The ultimate disconnect with SIEM was the hard truth that you needed to know what you were looking for. Far too many vendors forgot to mention that little requirement when selling you a bill of goods. Perhaps they expected attackers to post their plans on Facebook or something? But once you do the work to model the likely attacks on your key information, and then enumerate those attack patterns in your tool, you can get tremendous value. Just don’t expect it to be fully automated.
The best case is that you receive an alert about a very likely attack because it’s something you were looking for. But the quickest way to get killed is to plan for the best case. So we also need to ensure we are ready for the worst case. That is advanced attackers using attacks you haven’t seen before, in ways you don’t expect. That’s when all of your gathered intelligence comes into play.
Mining for Indicator Gold
We have already listed a number of different threat intelligence feeds, which can be used to search for specific malware files, command and control traffic, DNS request patterns, and a variety of other indicators. Mining for indicators isn’t that much different from early gold prospecting. They were trying to find gold among millions of rocks moving down the stream. Their main tool was a metal strainer – a filter.
The advantage that we have today in security is that we can tune our filters to search through billions of ‘rocks’ at a pretty fast clip. So you can search your security data infrastructure for almost anything you are collecting – or even better, for a series of events and/or files within your environment – quickly and accurately to narrow down your searches to the most likely attacks.
Which brings us to the overhyped use of Big Data Analytics in the process of mining for attack indicators. Not that some of the hype isn’t justified. The use of tools to more effectively index and search huge security data sets is critical to finding advanced attackers quickly.
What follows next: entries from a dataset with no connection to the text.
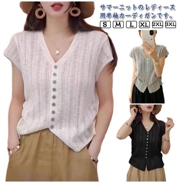 送料無料 夏 半袖 レディース 涼しい 夏 紫外線対策 薄手 半袖カーディガン シアー 春 透かし編み UV ゆったり カーディガン トップス Vネック ニット アウター 前開き 羽織り サマーニット 送料無料 カジュアル きれいめ 通勤 透け感 見痩せ 重ね着 おしゃれ 30代
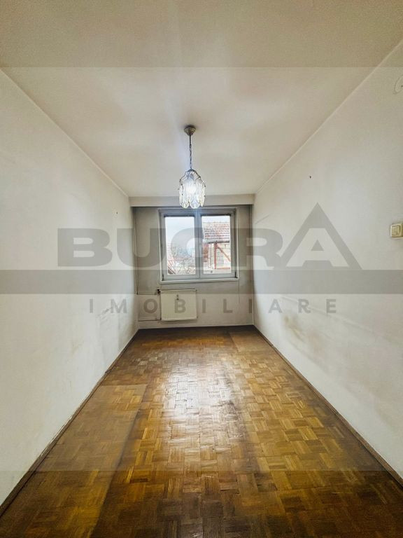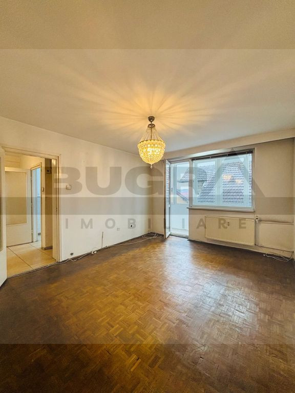 Bugra Imobiliare vă propune spre vânzare un apartament cu 3 camere situat în Cluj-Napoca, cartierul Grigorescu, in zona strazii Alexandru Vlahuță, poziționat excelent. Locuința este amplasată la etajul 2, are orientare vestică și dispune de o suprafață utilă de 62 mp, la care se adaugă un balcon închis de 5,5 mp. Compartimentarea este practică: 3 camere semidecomandate ( 2 dormitoare + living ), bucătărie, cămară de alimente, baie cu geam, antreu, sas și balcon. Apartamentul are geamuri termopan, iar imobilul este izolat și reabilitat termic. Proprietatea se vinde nemobilată și necesită renovare — un avantaj important pentru viitorul proprietar care dorește să o amenajeze complet după propriul stil și standarde. Zona este una dintre cele mai apreciate din oraș, cu acces rapid către puncte de interes precum Piata 14 Iulie, Cluj Arena, BT Arena, Parcul Babeș, două bazine olimpice, Parcul Rozelor, Promenada Someșului, Restaurant Desaga și Regina Maria, precum și stații de transport în comun, creșă și grădiniță în imediata apropiere. Ideal atât pentru locuință personală, cât și pentru investiție.
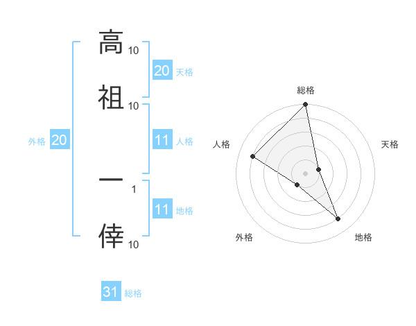 高祖 一倖さんを姓名の画数から五運を鑑定
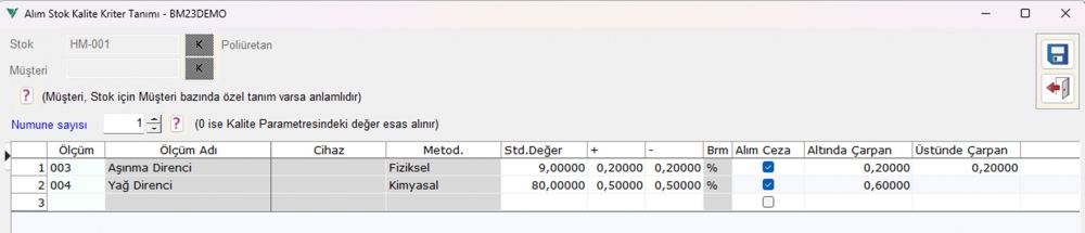 Stoklar için Alım Stok Kalite Kriter tanımları yapılır. Kalite ölçüm değerlerinin tolerans aralıkları verilir. Ceza uygulaması yapılacak ölçümler için “Alım Ceza” kutucuğu işaretlenir.
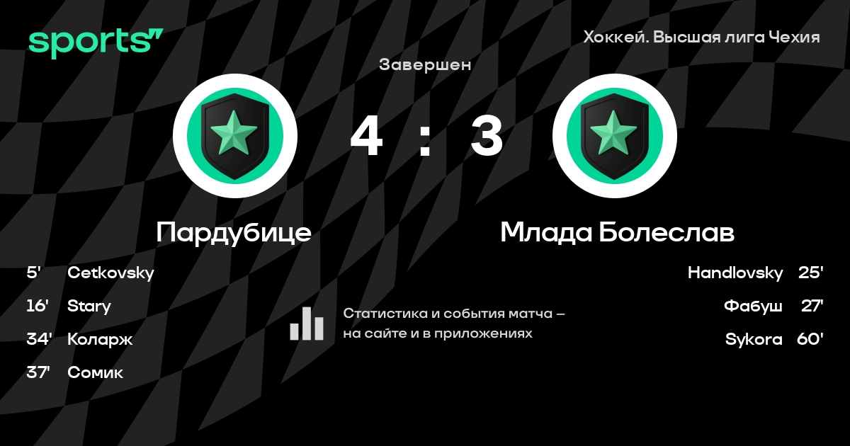 В прошедшем матче в рамках турнира Хоккей. Высшая лига Чехия состоялась встреча команд Пардубице - Млада Болеслав
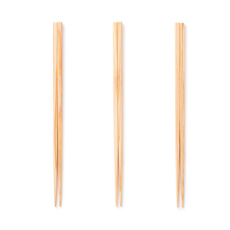 国産杉の無垢材に天然由来の蜜蝋(ミツロウ)を薄く塗り、1ヶ月ほどの耐久性をもたせた「角箸」。ホテル、飲食店、長期の旅行など、環境に配慮しながら衛生的にお箸を使いたい方に。
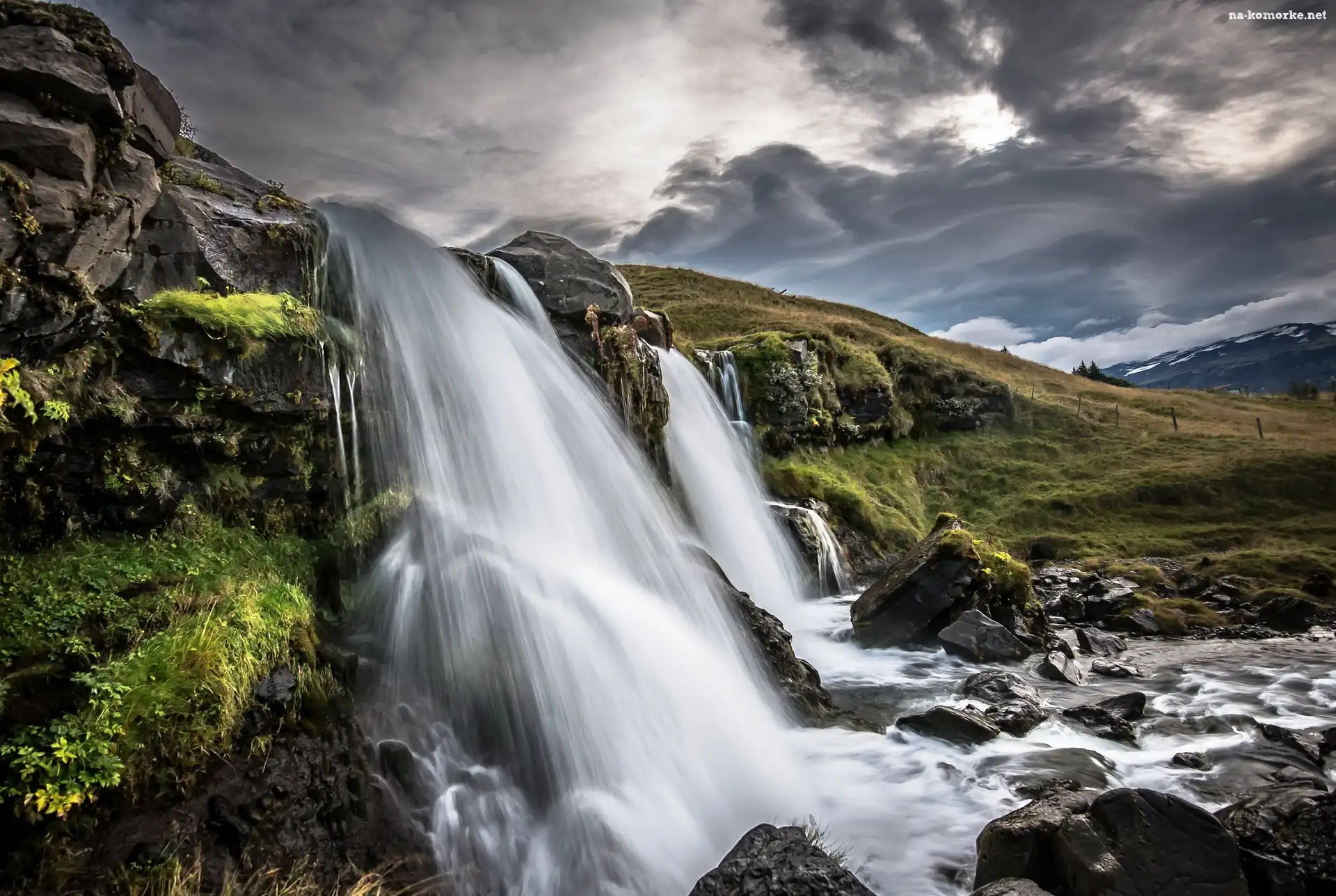 Wodospad, Islandia, Skały, Chmury na Komórkę

But like SIEM, its predecessor technology, Big Data vendors are especially prone to hyperbole about the short-term value of their security analytics platforms.
Keeping this discussion at a high level, we recently summed up how Big Data will impact security analytics:
We have every confidence that big data holds promise for security intelligence, both because we have witnessed attacker behavior captured in event data just waiting to be pulled out, and because we have also seen miraculous ideas sprout from people just playing around with database queries. In the same way hackers stumble on vulnerabilities while playing with protocols, security analysts stumble on interesting data just by asking the same question (query) different ways. The data holds promise. The mining of most data, and all of the work that will be required in writing M-R (MapReduce) scripts to locate actionable intelligence, is not yet here. It will take years of dedicated work – and it’s will take script development on different data types for different NoSQL varieties.
In other words it still early days for this technology to solve these problems. You are clearly constrained in terms of internal capabilities (you will be looking for a lot of data scientists over the next few years), as well as the lack of maturity of technologies such as Hadoop, MapReduce, Pig, Hive, and a variety of others in the security context. So remain skeptical about promises that a magic box that will ingest scads of security data and pop out advanced attackers.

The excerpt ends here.